The removable handle seems virtually identical to the MM15 version. Use of the handle is optional, but it may be of more value now on the larger MM18.
As with the MM15, there is also a lanyard attachment point and a reinforced tripod attachment point in the head.
The switch design is different. Of course, one major change is that there are now 2 switches. The lower one is to control the 1xXM-L2, and the upper switch controls the 2xMK-R emitters. Switch appearance and feel has changed as well: unlike the flat switch with semi-transparent "N" logo on the MM15, you now have a slightly bulging (and more grippy) textured material. Switch feel is similar, but traverse is longer (likely due to the raised cover). In practice, I find this means it is a bit easier to "miss your shot" when trying to double-click (i.e., you need to be fast). As before, there are still green/red LED indicators underneath the switches.
Let's check out the head, where all the action is.
The MM18 has a distinctive head with two small textured wells for the MK-R emitters, and one larger smooth well for the XM-L2. Overlap is relatively minimal (but there is some). What this means in practice is that you can probably expect a few artifacts in the spillbeam for the different emitter classes.
In general terms, the flood pattern for the quad-die MK-R emitters should be similar to the MT-G2s on the MM15 (but in cool white, not neutral). Niwalker confirms that the use of the MK-R emitters is to provide a cool white option specifically.
The size of the XM-L2 reflector well suggests you will probably get a beam pattern similar to many larger 1x18650 lights (e.g., Olight M22, Eagletac TX25C2, etc.). However, Niwalker informs me that they plan to replace the XM-L2 emitter on the final shipping version of the MM18 with the new XP-L emitter from Cree. Simply put, the XP-L has the die size and output of the XM-L2, but with the overall footprint of the XP-G2. But overall output (and likely throw) should be similar to the results here.
Scroll down for beamshot comparisons.
The user interface is basically the same as the currently shipping MM15. Note that there were a few updates to the MM15 interface since the time of my last MM15 review - I will highlight the differences below.

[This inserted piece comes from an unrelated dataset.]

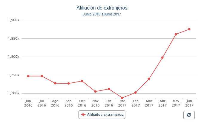 En este mes la ocupación ha aumentado un 0,74%, lo que supone 13.822 trabajadores más. Respecto al año pasado, el número de afiliados extranjeros aumenta un 7,30%, 127.612 personas ocupadas más que en 2016.

As previously mentioned, the MK-Rs and XM-L2 emitters are controlled separately by two distinct switches (independent of each other, but each with the same relative interface). Holding the light out in front of you, the left switch controls the XM-L2 emitter, and the right switch controls the MK-R emitters.
UPDATE: with the Final Prototype, the top switch controls the MK-R emitters, and the bottom switch controls the XM-L2.

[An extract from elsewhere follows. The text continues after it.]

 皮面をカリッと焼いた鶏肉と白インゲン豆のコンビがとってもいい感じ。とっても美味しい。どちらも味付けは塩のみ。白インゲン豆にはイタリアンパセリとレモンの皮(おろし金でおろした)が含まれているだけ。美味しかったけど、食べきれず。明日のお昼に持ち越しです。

For constant On of the desired emitter type, click (press-release) the appropriate electronic switch. A single click turns the light back Off. For momentary Turbo mode from Off, press and hold the switch (release to turn Off).

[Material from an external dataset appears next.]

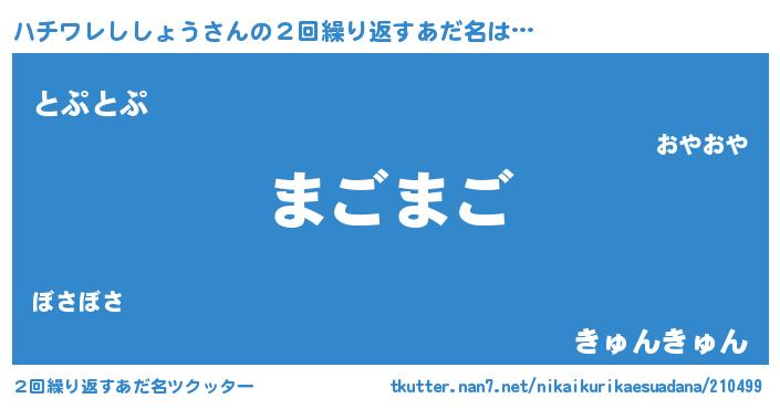 | 意味不明あだ名 | 『自称ハチワレししょう』 |

Once in constant On, press and hold the switch to cycle through all the regular modes in sequence: L1 > L2 > L3 > L4 > L5 (lowest to highest output), in repeating sequence. Release the switch to select the desired level. You can restart the level ramp at any time. Note that all currently shipping versions of Niwalker lights have the ramp continue from the current level (i.e., on the original MM15, the ramp always re-started at Level 1). The shipping lights have mode memory for the regular modes, and returns to last setting used from Off.
As with the MM15, Turbo (i.e., L6) is not on the regular constant On mode sequence. To access Turbo when On, double-click the switch. Double-click repeatedly for the strobe modes, in the following repeating sequence: Turbo > Strobe > SOS > Beacon. Note there is no mode memory for Turbo or the strobe modes.
To exit these special modes, single click the switch. Note that with all currently shipping Niwalker lights, this takes you back to the previously memorized regular mode. You need to click again to turn the light off. This differs from the original MM15 prototypes, when a single click from the special modes turned the light off.
You can access Strobe directly from Off by double-clicking switch. This means that you can have the light come on in Turbo or Strobe at any time (i.e., press-and-hold from Off for momentary Turbo, double-click from Off for constant Strobe).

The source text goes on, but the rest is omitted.